= Directions for this task =
The listing, minus its pictures, is to be given again exactly.

= Supplied information =
◆ ◆ ◆ ◆
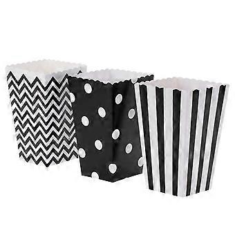 30pcs Popcorn Carton Stripe Wave Dot Pattern Chicken Cartons Snack Container pour les fêtes d’anniversaire Baby Shower Graduation (noir)
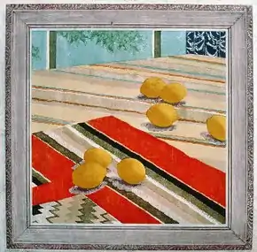 In the 1970s in St Louis, Walters's work evolved formally and thematically, including a shift from oil painting to watercolors for health reasons. She gained recognition for that work (and her drawings) alongside area painters such as Carolyn Brady Epton and Phyllis Plattner.[44][45][46] Perhaps more significantly, the qualities of that medium influenced her printmaking palette toward subtler, secondary and intermediate colors.[1] Her work also became more complex in composition and space, using pattern, texture, and devices such as printed or collaged frames within the picture plane (e.g., Seven Lemons, 1976) to create contrasts between flatness and depth, and realism and imagination.[6][47][48] In subject matter, she turned from the metaphorical to more neutrally handled imagery drawn from her immediate environment—initially domestic still lifes and scenes, and later, portraits of her husband, self, friends and colleagues—that gradually revealed minute details and motifs of a personal nature.[2][6][1]
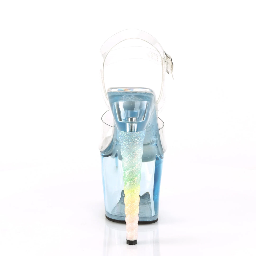 7 (178mm) Heel, 3 1/4 (83mm) Platform Ankle Strap Sandal Featuring Tinted Platform Bottom and Glittered Ombre Unicorn Heel
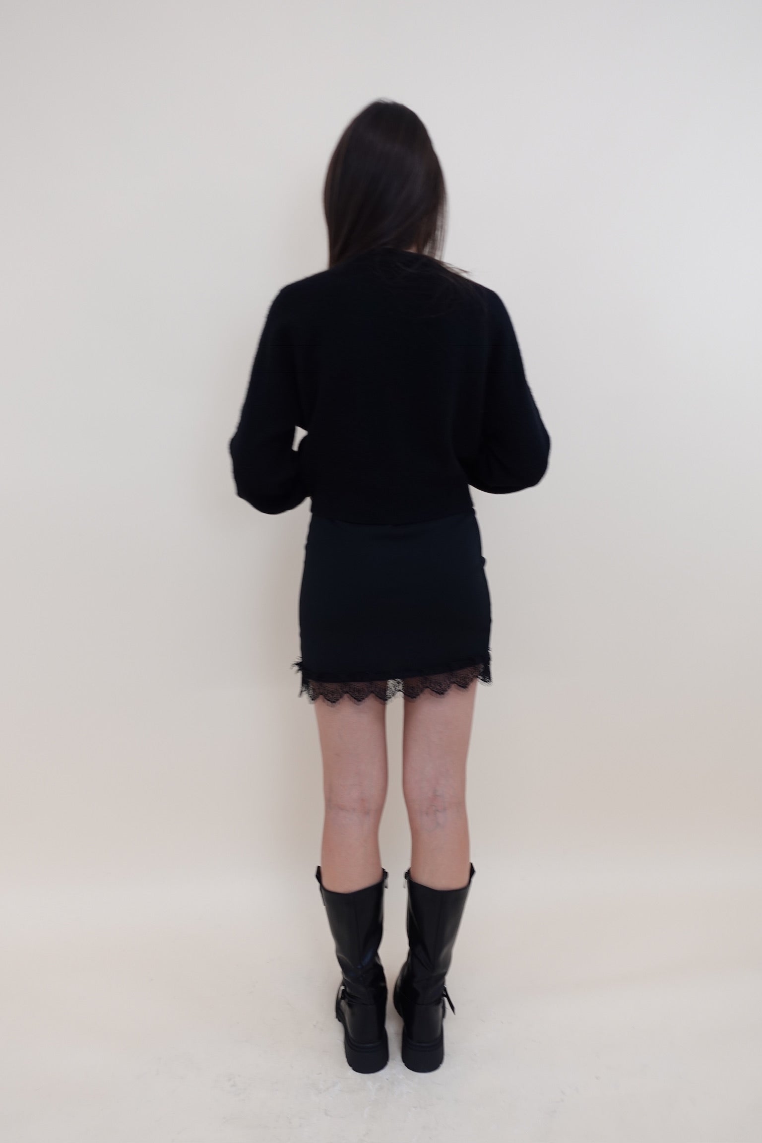 Gonna a tubilo elasticizzata, con fondo in pizzo
◆ ◆ ◆ ◆
= Exercise output =
 30pcs Popcorn Carton Stripe Wave Dot Pattern Chicken Cartons Snack Container pour les fêtes d’anniversaire Baby Shower Graduation (noir)
 In the 1970s in St Louis, Walters's work evolved formally and thematically, including a shift from oil painting to watercolors for health reasons. She gained recognition for that work (and her drawings) alongside area painters such as Carolyn Brady Epton and Phyllis Plattner.[44][45][46] Perhaps more significantly, the qualities of that medium influenced her printmaking palette toward subtler, secondary and intermediate colors.[1] Her work also became more complex in composition and space, using pattern, texture, and devices such as printed or collaged frames within the picture plane (e.g., Seven Lemons, 1976) to create contrasts between flatness and depth, and realism and imagination.[6][47][48] In subject matter, she turned from the metaphorical to more neutrally handled imagery drawn from her immediate environment—initially domestic still lifes and scenes, and later, portraits of her husband, self, friends and colleagues—that gradually revealed minute details and motifs of a personal nature.[2][6][1]
 7 (178mm) Heel, 3 1/4 (83mm) Platform Ankle Strap Sandal Featuring Tinted Platform Bottom and Glittered Ombre Unicorn Heel
 Gonna a tubilo elasticizzata, con fondo in pizzo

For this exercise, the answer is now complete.